Decir que nosotros somos fuertes y estamos preparados es una auténtica mentira. Por supuesto que la derecha se frota las manos esperando el momento oportuno para decir: “ya ven, lo sabíamos, AMLO llevo al país a desastre”y por eso AMLO se empecina a mostrar fortaleza en vez de encarar la realidad y asumir un plan que se base en el pueblo organizado para afrontar la crisis económica y sanitaria. Crisis que está pasando como aplanadora y que trasciende a él mismo, a su gobierno y a la misma burguesía, es un monstruo que ni los capitalistas han podido dimensionar, una catástrofe y la barbarie nos amenazan.

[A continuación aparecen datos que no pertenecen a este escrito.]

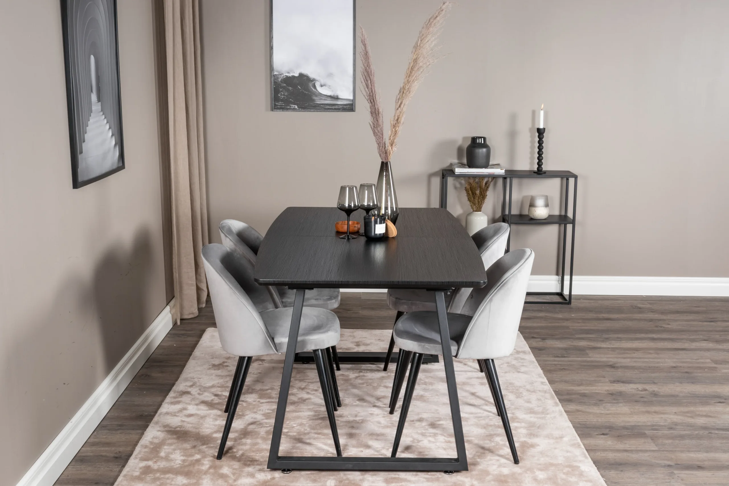 Elegantselt põhjamaist joont järgides on Inca laiendatav söögilauakomplekt ideaalne valik igasse modernsesse interjööri. Komplekti kuulub ruumikas, lihtsalt pikendatav must söögilaud ning neli pehmet, luksuslikku velvettooli helehalli velvetkangaga. See kombinatsioon loob õdusa ning praktilise sööginurga – suurepärane söömiseks nii igapäevaselt kui ka erilisemate sündmuste puhul.

Ante la crisis necesitamos nacionalizar los bancos, las empresas, los servicios y ponerlos bajo control democrático de los trabajadores, no hay más. Diría Lenin: “Sólo nacionalizando los bancos podrá conseguirse que el Estado sepa a dónde y cómo, de dónde y cuándo se desplazan los millones y los miles de millones. Y sólo este control sobre los bancos, centro, eje principal y mecanismo básico de la circulación capitalista, permitiría llevar a cabo de hecho, y no solo de palabra, el control de toda la vida económica, de la producción y de la distribución de los productos más importantes, la “reglamentación de la vida económica”, que de otro modo está inevitablemente condenada a seguir siendo un tópico de los ministros para engañar a la gente sencilla”.[i]

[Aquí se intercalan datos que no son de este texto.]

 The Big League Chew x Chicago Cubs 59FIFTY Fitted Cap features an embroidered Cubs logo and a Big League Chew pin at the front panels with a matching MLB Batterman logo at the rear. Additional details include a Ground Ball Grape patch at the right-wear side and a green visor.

La nacionalización de todos los sectores claves de la economía deberá servir para producir de manera planificada y para las necesidades reales de la población, además evitaremos el boicot, acaparamiento, inflación y mercado negro descarado de la burguesía. El colapso económico no va a frenarse solo, todo lo contrario, cada día se agudiza y amenaza con una fuerte recesión sobre nuestras cabezas y hace falta ser increíblemente ingenuo para no comprender o profundamente hipócrita para aparentar que no se comprende, sabiendo que esto va afectar tremendamente a la clase trabajadora y a los sectores más desamparados y no hacer nada contundente contra todo lo que se avecina ¡los muertos y el hambre los vamos a padecer la clase trabajadora, los pobres!

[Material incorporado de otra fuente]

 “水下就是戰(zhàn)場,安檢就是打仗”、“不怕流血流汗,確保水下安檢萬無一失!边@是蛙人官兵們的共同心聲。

Por eso necesitamos un programa revolucionario para afrontar esta crisis, existen los medios económicos, humanos e infraestructura necesarios para combatir la catástrofe y el hambre, las medidas como las nacionalizaciones son totalmente posibles y asequibles a las fuerzas del pueblo, y si no se llevan a cabo es porque no se confía verdaderamente en el pueblo, y en cambio no se quiere actuar contundentemente contra los acaparadores de la riqueza que nosotros producimos, los dueños de los medios de producción, de la tierra, los empresarios, los banqueros, los capitalistas. Pero no hay otro camino más que  tomar en nuestras manos la organización de la economía para resistir la emergencia sanitaria y el colapso económico, frente al hambre, el desempleo y la muerte que es el capitalismo. ¡Por nuestras vidas, luchemos contra el capital, su dictadura y su crisis, socialismo o barbarie!  

 

[i] La catástrofe que nos amenaza y cómo combatirla, Lenin.